%%
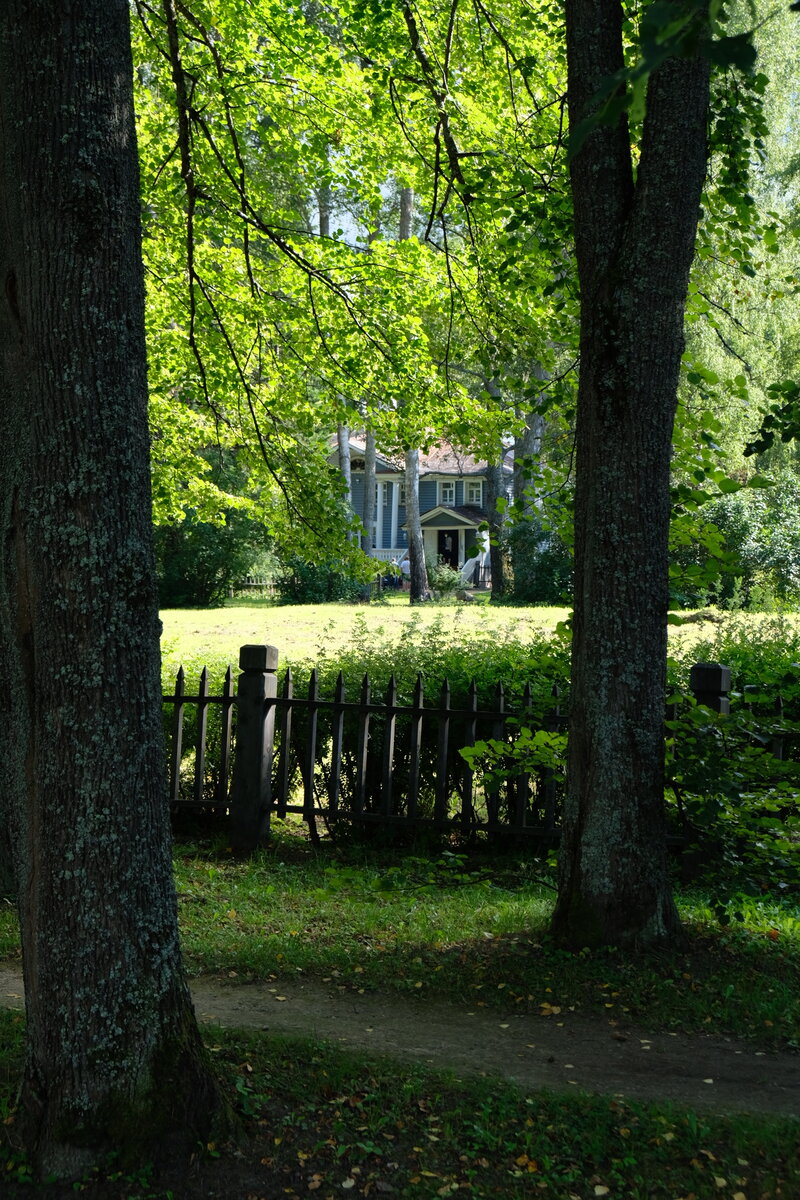 С дороги дом практически не виден - он утопает в зелени окружающих его деревьев. Также перед самым фасадом здания растут ели, высаженные по кругу. Краем уха я услышала от экскурсовода, что такая посадка имеет функциональный характер - деревья защищают дом от холодных северных ветров.
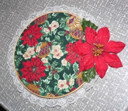 Purchase fabric with a holiday pattern at any fabric store or discount store with a sewing department. I found this poinsettia-themed fabric and embroidery hoops at JoAnn Fabric & Crafts at Navajo and Fletcher Parkway. I picked up a plain wooden napkin holder at Wal-Mart and an assortment of containers (jars, pots, etc.) at discount stores, though yard sales are also good sources for these inexpensive items.
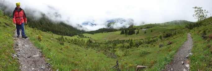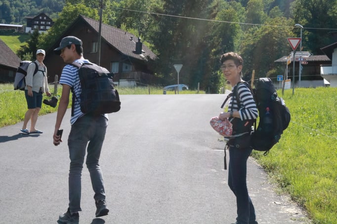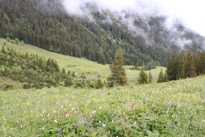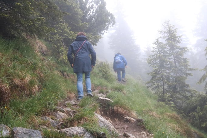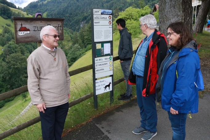 Am nächsten Tag ging es weiter auf die Fluonalp und von dort auf den Hausberg der Region, den Giswiler Stock. Das Wetter hielt, so dass die Bergwanderung sehr angenehm war. Wunderbar waren die vielen Blumenfelder (blauer Enzian!). Sie entschädigten einen dafür, dass die Fernsicht auf dem Gipfelkreuz praktisch null war. Nach einem Mittagessen in der Alpkäserei Fluonalp (Bratkäse) ging es per Taxi nach Sachseln, wo wir Pater Josef trafen, den Pfarrer von Flüeli-Ranft. Er gewährte uns eine ausgedehnte Führung (Grab, Geburtshaus, Wohnhaus, Kapelle, Zelle von Niklaus von der Flüe). Am frühen Abend, nach einem letzten Kaffee in Sachseln, brachen alle wieder mit dem guten Gefühl nach Hause auf, zwei abwechslungsreiche Tage im Kreise vieler netten Menschen verbracht zu haben.
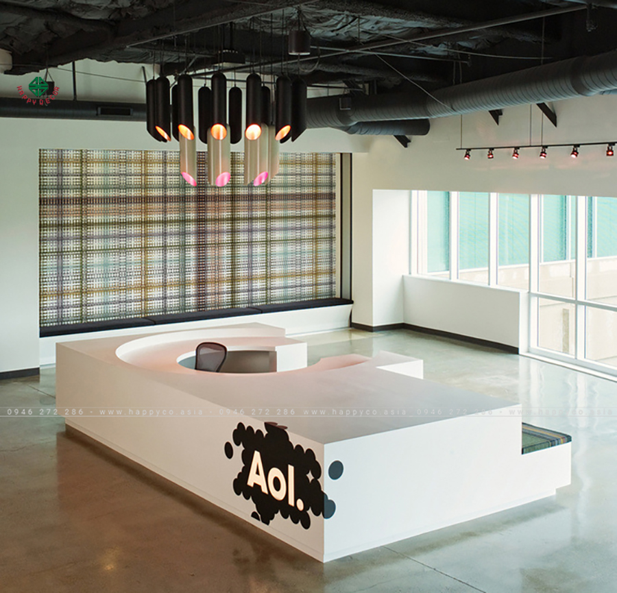 - Mẫu 29 - Thiết kế bàn lễ tân đẹp với kết cấu trần độc đáo
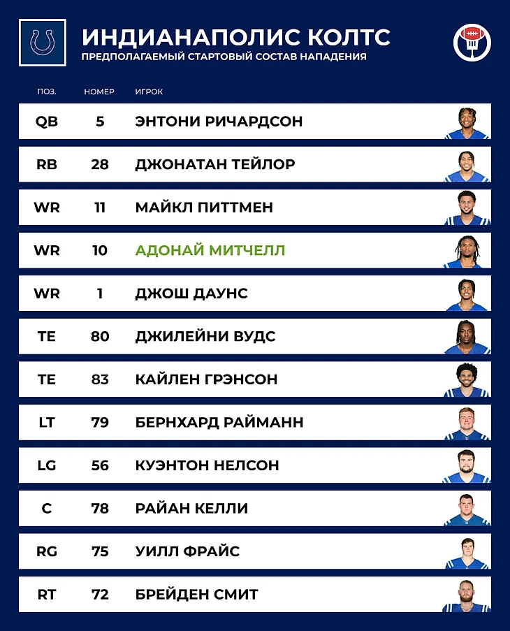⏪ Прошлый год: 9–8. Когда стало известно, что квотербек-новичок Энтони Ричардсон выбыл до конца сезона на 5-й неделе, многие решили, что про «Колтс» можно забыть. Однако команда с дублёром Гарднером Миншью финишировала с положительным балансом и упустила путёвку в плей-офф, проиграв в последнем туре «Хьюстону» в 4 очка.
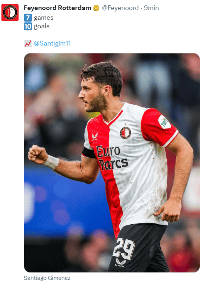 Una jornada más de éxito para Santiago Giménez, ya que el mexicano anotó de nueva cuenta en el triunfo del Feyenoord sobre el G.A. Eagles por un marcador de 3-1 y corta la ventaja con el PSV por el liderato de la liga.El conjunto de Rotterdam continúa con su paso perfecto en la Eredivisie imponiéndose ante sus rivales y con un Giménez que está motivado y no para de hacer goles.Al comienzo del encuentro, Santiago y compañía crearon jugadas al frente que daban los primeros avisos. Sin embargo, no fue hasta al minuto 39’ que Yankuba Minteh anotó el primero de la noche, pero después de ser revisado por el VAR, tuvo que ser anulado por una supuesta mano.Más adelante, Minteh nuevamente generó la posibilidad en sus pies de abrir el marcador y, esta vez, ni el árbitro lo impidió y antes de irse al descanso, el africano no desaprovechó la y permitió al Feyenoord irse arriba con el 1-0.Para la parte complementaria, con una superioridad notoria por parte del equipo del “Bebote”, vino el segundo tanto al 56’ por parte de Calvin Stengs y 20 minutos después, Giménez aumentó su cuota goleadora para sellar la victoria definitiva. Ya para la recta final del partido, los Eagles tuvieron una reacción tardía y al 85’ vino el descuento y el gol de la honra a través de Sylla Sow. Aunque para los últimos minutos se volcaron al frente, el tiempo ya no les alcanzó para intentar ir por el empate.De esta manera, Santiago Giménez llega a 10 goles en la campaña 2023/24 y se encuentra por encima de grandes delanteros como Haaland o Mbappé en este inicio de temporada de ligas europeas.En tanto que, Feyenoord acumula 17 unidades, posicionándose en el segundo puesto de la tabla general solamente por detrás del PSV, que lo supera por un punto.OA
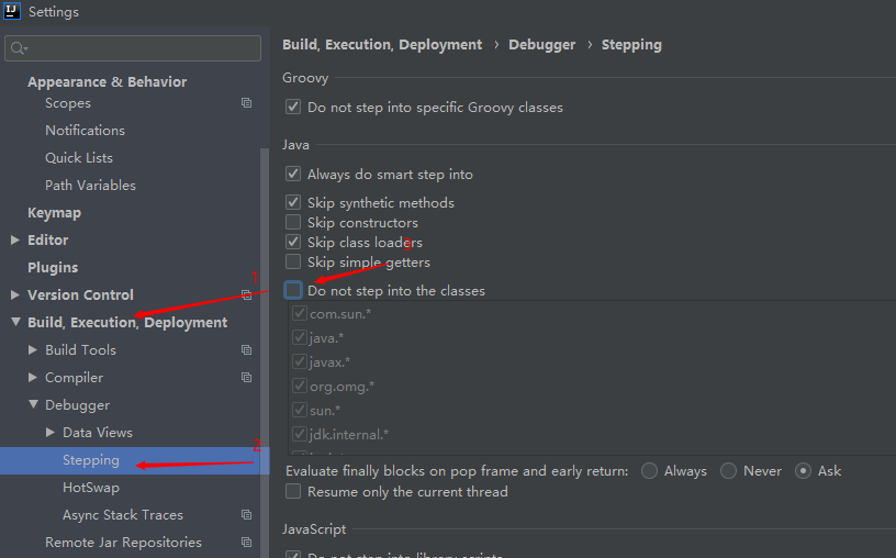 - 然后我们打开jdk设置,找到下图位置 3 ,去掉勾选,这样我们debug按F7就能进入源码区域了
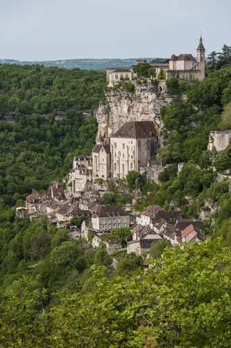 Auf einem ehemaligen Bahndamm radeln wir immer leicht bergab durch die typische Dordogne-Landschaft, geprägt von Nussbaumplantagen, Eichen- und Esskastanienwäldern. Die Bezeichnung Schwarzes Périgord verdankt die Region der schwarzen Erde ihrer Wälder. In Souillac stehen wir gegen Mittag in der romanischen Abteikirche vor zwei bedeutenden Kunstwerken des 12. Jahrhunderts: der Bestiensäule und dem Jesaja. Letzterer wird allgemein als Gipfel romanischer Plastik angesehen. Die Nachmittagsstrecke führt zunächst auf eine Karstebene und später in den Canyon der Ouysse. Dort besichtigen wir die Moulin de Cougnaguet, eine romantisch gelegene Mühle aus dem 13. Jahrhundert, die der ehemalige Müller in mühevoller Kleinarbeit restauriert hat. Bald darauf sind wir im bedeutenden Wallfahrtsort Rocamadour mit seinen sieben Kirchen, Kapellen und Krypten. Wir wohnen im komfortablen Hotel Beau Site***. Zum Dîner treffen wir uns im Hotelrestaurant, das uns mit regionalen Köstlichkeiten verwöhnt.
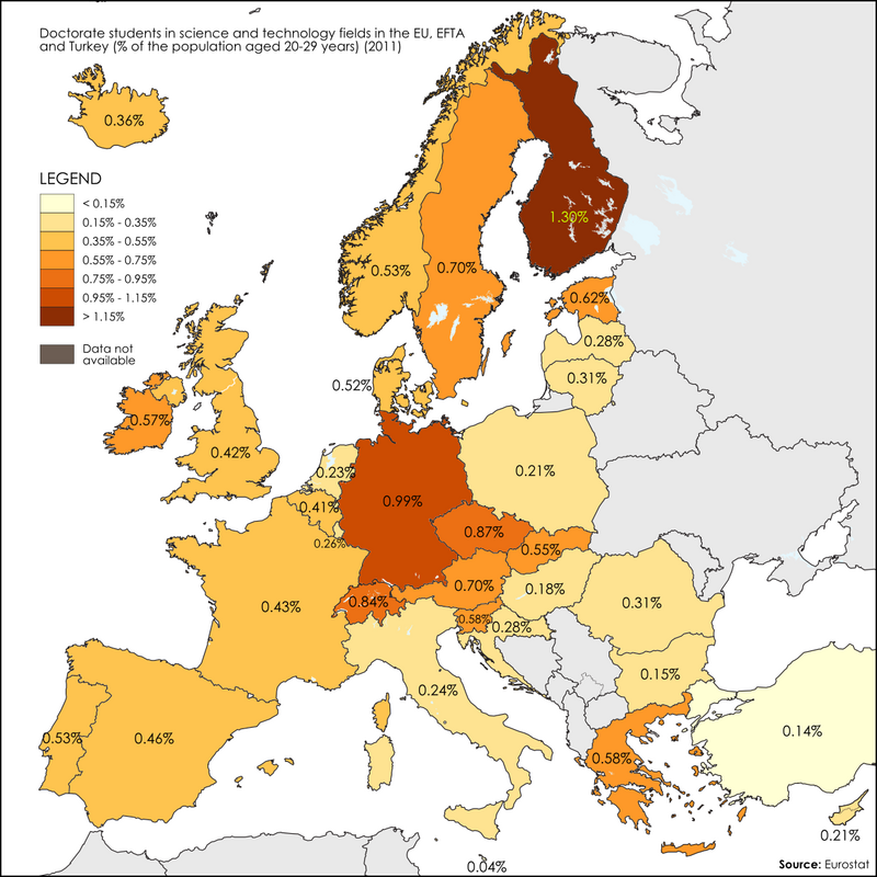 Εικόνα 2: Ποσοστό κατόχων διδακτορικού (PhD) ως προς το σύνολο του πληθυσμού.
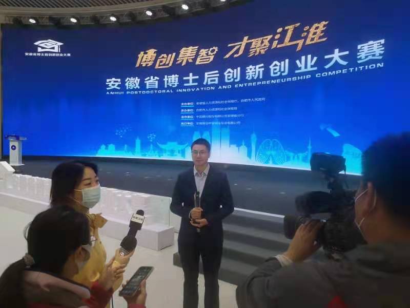 1022日,2021年全国第一届博士后创新创业大赛安徽赛区暨首届安徽省“博创集智才聚江淮”博士后创新创业大赛决赛颁奖和项目签约仪式在合肥中安创谷全球路演中心举行。
%%
Repeat word for word the lines above, from the first entry through the line containing "Прошлый год: 9–8.", with both ends kept and the pictures dropped.

 С дороги дом практически не виден - он утопает в зелени окружающих его деревьев. Также перед самым фасадом здания растут ели, высаженные по кругу. Краем уха я услышала от экскурсовода, что такая посадка имеет функциональный характер - деревья защищают дом от холодных северных ветров.
 Purchase fabric with a holiday pattern at any fabric store or discount store with a sewing department. I found this poinsettia-themed fabric and embroidery hoops at JoAnn Fabric & Crafts at Navajo and Fletcher Parkway. I picked up a plain wooden napkin holder at Wal-Mart and an assortment of containers (jars, pots, etc.) at discount stores, though yard sales are also good sources for these inexpensive items.
 Am nächsten Tag ging es weiter auf die Fluonalp und von dort auf den Hausberg der Region, den Giswiler Stock. Das Wetter hielt, so dass die Bergwanderung sehr angenehm war. Wunderbar waren die vielen Blumenfelder (blauer Enzian!). Sie entschädigten einen dafür, dass die Fernsicht auf dem Gipfelkreuz praktisch null war. Nach einem Mittagessen in der Alpkäserei Fluonalp (Bratkäse) ging es per Taxi nach Sachseln, wo wir Pater Josef trafen, den Pfarrer von Flüeli-Ranft. Er gewährte uns eine ausgedehnte Führung (Grab, Geburtshaus, Wohnhaus, Kapelle, Zelle von Niklaus von der Flüe). Am frühen Abend, nach einem letzten Kaffee in Sachseln, brachen alle wieder mit dem guten Gefühl nach Hause auf, zwei abwechslungsreiche Tage im Kreise vieler netten Menschen verbracht zu haben.
 - Mẫu 29 - Thiết kế bàn lễ tân đẹp với kết cấu trần độc đáo
⏪ Прошлый год: 9–8. Когда стало известно, что квотербек-новичок Энтони Ричардсон выбыл до конца сезона на 5-й неделе, многие решили, что про «Колтс» можно забыть. Однако команда с дублёром Гарднером Миншью финишировала с положительным балансом и упустила путёвку в плей-офф, проиграв в последнем туре «Хьюстону» в 4 очка.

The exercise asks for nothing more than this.